══ DATA RECORDS
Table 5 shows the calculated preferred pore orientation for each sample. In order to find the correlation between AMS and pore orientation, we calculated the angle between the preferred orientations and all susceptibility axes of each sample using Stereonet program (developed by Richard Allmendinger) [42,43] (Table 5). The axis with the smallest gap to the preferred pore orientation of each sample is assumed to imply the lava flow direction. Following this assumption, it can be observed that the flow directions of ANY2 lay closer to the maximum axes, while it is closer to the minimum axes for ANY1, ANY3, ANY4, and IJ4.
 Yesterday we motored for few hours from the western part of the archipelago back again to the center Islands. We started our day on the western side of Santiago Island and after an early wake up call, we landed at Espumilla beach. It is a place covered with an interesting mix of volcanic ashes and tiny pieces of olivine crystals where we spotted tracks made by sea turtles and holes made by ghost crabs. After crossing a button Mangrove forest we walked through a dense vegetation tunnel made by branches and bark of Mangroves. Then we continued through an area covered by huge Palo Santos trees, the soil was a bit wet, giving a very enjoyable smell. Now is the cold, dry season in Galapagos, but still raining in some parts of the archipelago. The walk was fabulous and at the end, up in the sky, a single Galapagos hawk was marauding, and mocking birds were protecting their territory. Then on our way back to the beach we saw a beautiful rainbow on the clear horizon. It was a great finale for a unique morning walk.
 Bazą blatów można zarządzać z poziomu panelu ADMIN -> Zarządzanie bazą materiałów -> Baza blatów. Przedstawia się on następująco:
════
══ DATA RECORDS
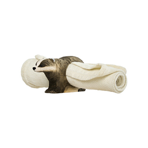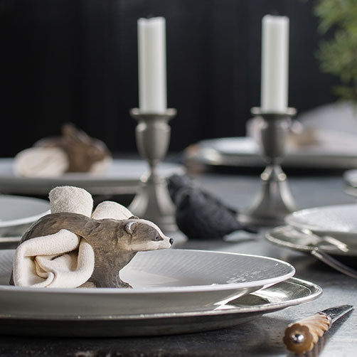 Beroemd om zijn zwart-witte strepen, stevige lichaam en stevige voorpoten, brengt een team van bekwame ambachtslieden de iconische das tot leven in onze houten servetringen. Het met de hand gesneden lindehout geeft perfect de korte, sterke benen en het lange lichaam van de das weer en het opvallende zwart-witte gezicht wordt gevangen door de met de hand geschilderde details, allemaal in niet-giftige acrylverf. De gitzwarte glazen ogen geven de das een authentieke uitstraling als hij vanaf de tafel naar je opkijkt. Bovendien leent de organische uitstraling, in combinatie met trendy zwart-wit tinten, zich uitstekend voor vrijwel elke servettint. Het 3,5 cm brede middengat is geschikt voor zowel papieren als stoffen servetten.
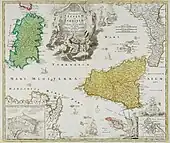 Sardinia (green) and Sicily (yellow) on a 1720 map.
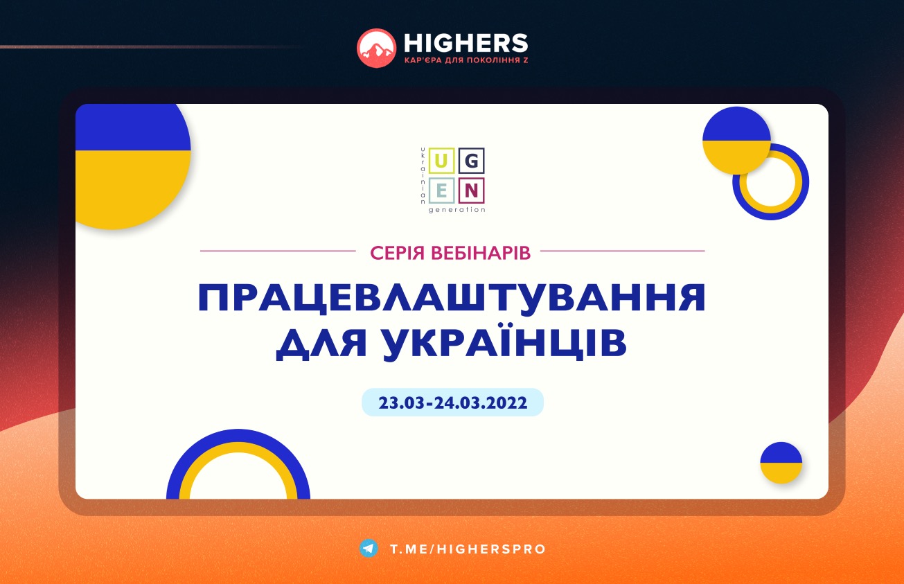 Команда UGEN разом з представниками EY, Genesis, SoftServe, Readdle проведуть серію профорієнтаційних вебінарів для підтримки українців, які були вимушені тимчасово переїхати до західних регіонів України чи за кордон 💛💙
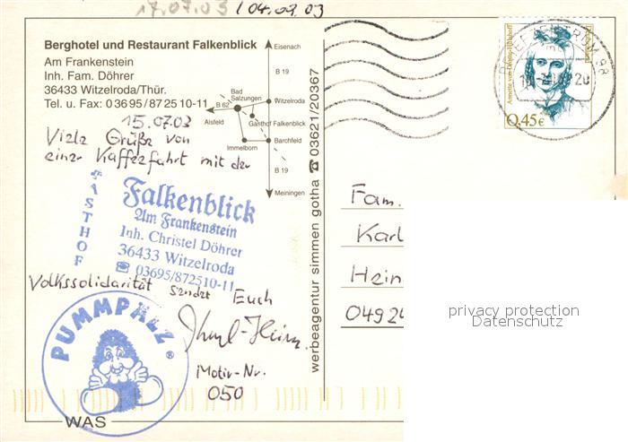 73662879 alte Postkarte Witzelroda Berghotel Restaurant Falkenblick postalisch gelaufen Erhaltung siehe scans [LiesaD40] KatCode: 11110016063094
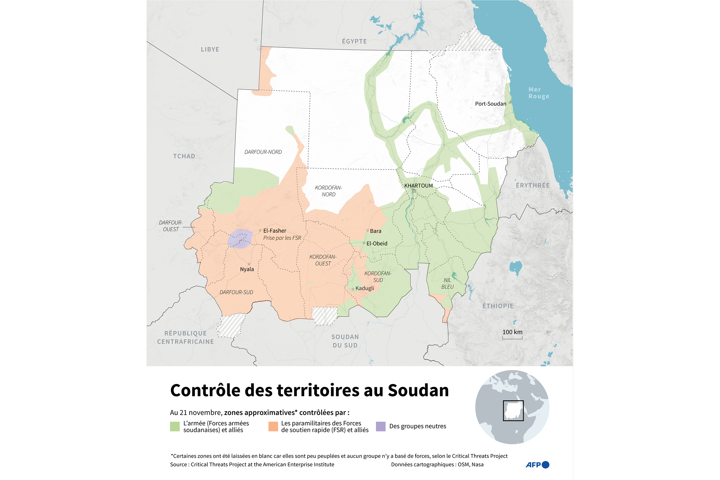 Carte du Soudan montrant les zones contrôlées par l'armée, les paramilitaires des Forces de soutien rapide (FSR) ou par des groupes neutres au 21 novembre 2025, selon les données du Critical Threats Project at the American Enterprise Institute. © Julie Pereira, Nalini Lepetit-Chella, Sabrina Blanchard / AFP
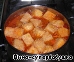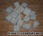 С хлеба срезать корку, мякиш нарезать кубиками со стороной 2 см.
════
### WHAT NEEDS TO BE DONE
Above are some records. Output exactly the lines from the one that contains "73662879 alte Postkarte" to the one that contains "С хлеба срезать", keeping both, and omit the pictures.

### ANSWER SECTION
 73662879 alte Postkarte Witzelroda Berghotel Restaurant Falkenblick postalisch gelaufen Erhaltung siehe scans [LiesaD40] KatCode: 11110016063094
 Carte du Soudan montrant les zones contrôlées par l'armée, les paramilitaires des Forces de soutien rapide (FSR) ou par des groupes neutres au 21 novembre 2025, selon les données du Critical Threats Project at the American Enterprise Institute. © Julie Pereira, Nalini Lepetit-Chella, Sabrina Blanchard / AFP
 С хлеба срезать корку, мякиш нарезать кубиками со стороной 2 см.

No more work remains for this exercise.